### DATA FOR THE TASK
============================================================
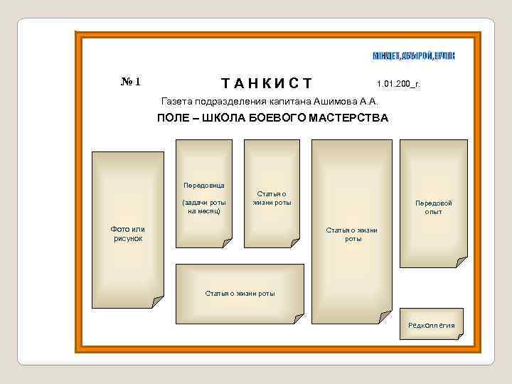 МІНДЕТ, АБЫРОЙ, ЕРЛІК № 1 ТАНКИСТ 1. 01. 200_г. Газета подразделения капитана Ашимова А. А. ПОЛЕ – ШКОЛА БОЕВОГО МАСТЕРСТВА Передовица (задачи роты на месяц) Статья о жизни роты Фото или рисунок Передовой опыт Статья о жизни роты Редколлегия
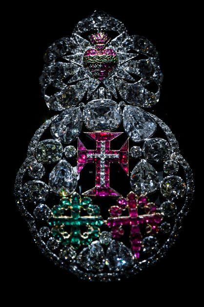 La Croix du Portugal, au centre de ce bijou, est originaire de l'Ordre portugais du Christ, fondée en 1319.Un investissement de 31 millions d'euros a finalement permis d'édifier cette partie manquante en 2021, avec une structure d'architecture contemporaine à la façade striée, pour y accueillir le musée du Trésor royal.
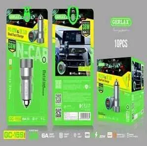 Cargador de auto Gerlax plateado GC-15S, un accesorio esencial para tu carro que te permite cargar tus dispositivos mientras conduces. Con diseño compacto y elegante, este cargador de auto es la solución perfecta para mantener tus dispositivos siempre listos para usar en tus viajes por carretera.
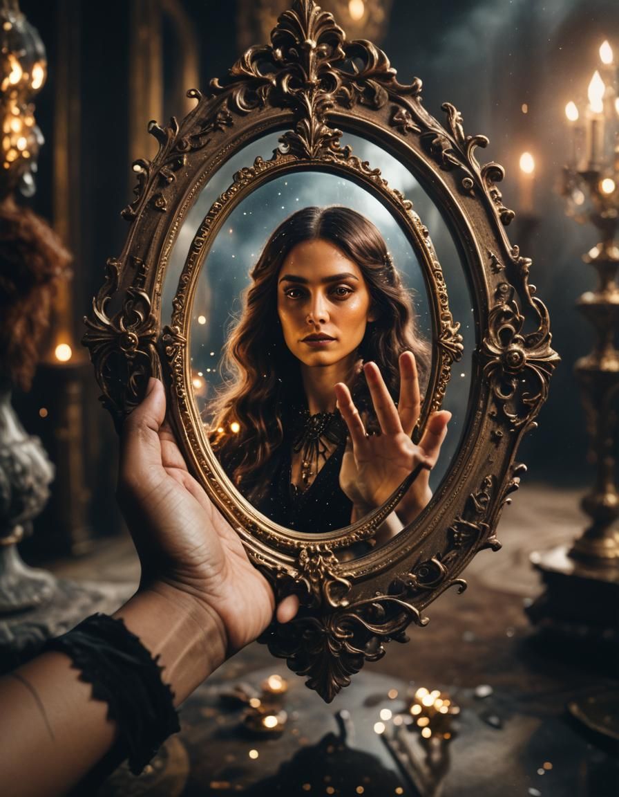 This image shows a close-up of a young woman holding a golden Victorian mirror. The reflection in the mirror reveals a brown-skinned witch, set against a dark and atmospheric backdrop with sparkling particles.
============================================================
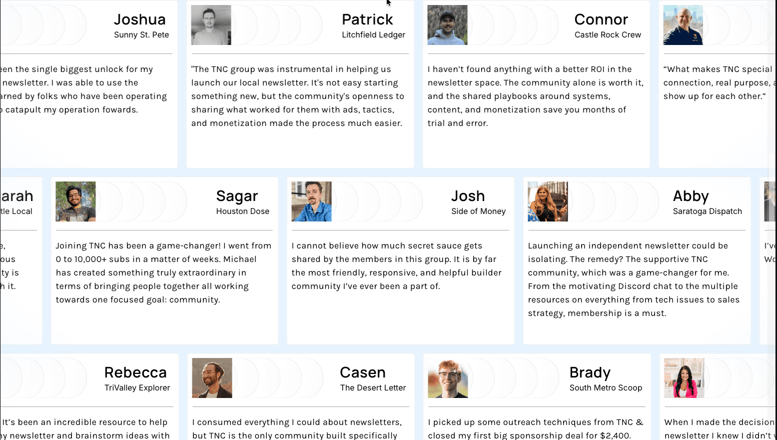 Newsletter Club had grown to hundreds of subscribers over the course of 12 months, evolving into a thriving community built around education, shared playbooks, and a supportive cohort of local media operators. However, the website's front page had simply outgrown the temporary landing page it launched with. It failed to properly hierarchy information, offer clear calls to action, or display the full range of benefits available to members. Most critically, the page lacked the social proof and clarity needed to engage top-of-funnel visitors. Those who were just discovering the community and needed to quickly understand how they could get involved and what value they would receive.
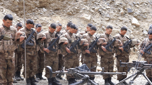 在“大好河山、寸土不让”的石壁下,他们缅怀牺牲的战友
============================================================
The stretch to restate runs from the line above containing "МІНДЕТ, АБЫРОЙ, ЕРЛІК" through the line containing "This image shows". Copy it word for word, ends included, without pictures.

### ANSWER TO THIS TASK
 МІНДЕТ, АБЫРОЙ, ЕРЛІК № 1 ТАНКИСТ 1. 01. 200_г. Газета подразделения капитана Ашимова А. А. ПОЛЕ – ШКОЛА БОЕВОГО МАСТЕРСТВА Передовица (задачи роты на месяц) Статья о жизни роты Фото или рисунок Передовой опыт Статья о жизни роты Редколлегия
 La Croix du Portugal, au centre de ce bijou, est originaire de l'Ordre portugais du Christ, fondée en 1319.Un investissement de 31 millions d'euros a finalement permis d'édifier cette partie manquante en 2021, avec une structure d'architecture contemporaine à la façade striée, pour y accueillir le musée du Trésor royal.
 Cargador de auto Gerlax plateado GC-15S, un accesorio esencial para tu carro que te permite cargar tus dispositivos mientras conduces. Con diseño compacto y elegante, este cargador de auto es la solución perfecta para mantener tus dispositivos siempre listos para usar en tus viajes por carretera.
 This image shows a close-up of a young woman holding a golden Victorian mirror. The reflection in the mirror reveals a brown-skinned witch, set against a dark and atmospheric backdrop with sparkling particles.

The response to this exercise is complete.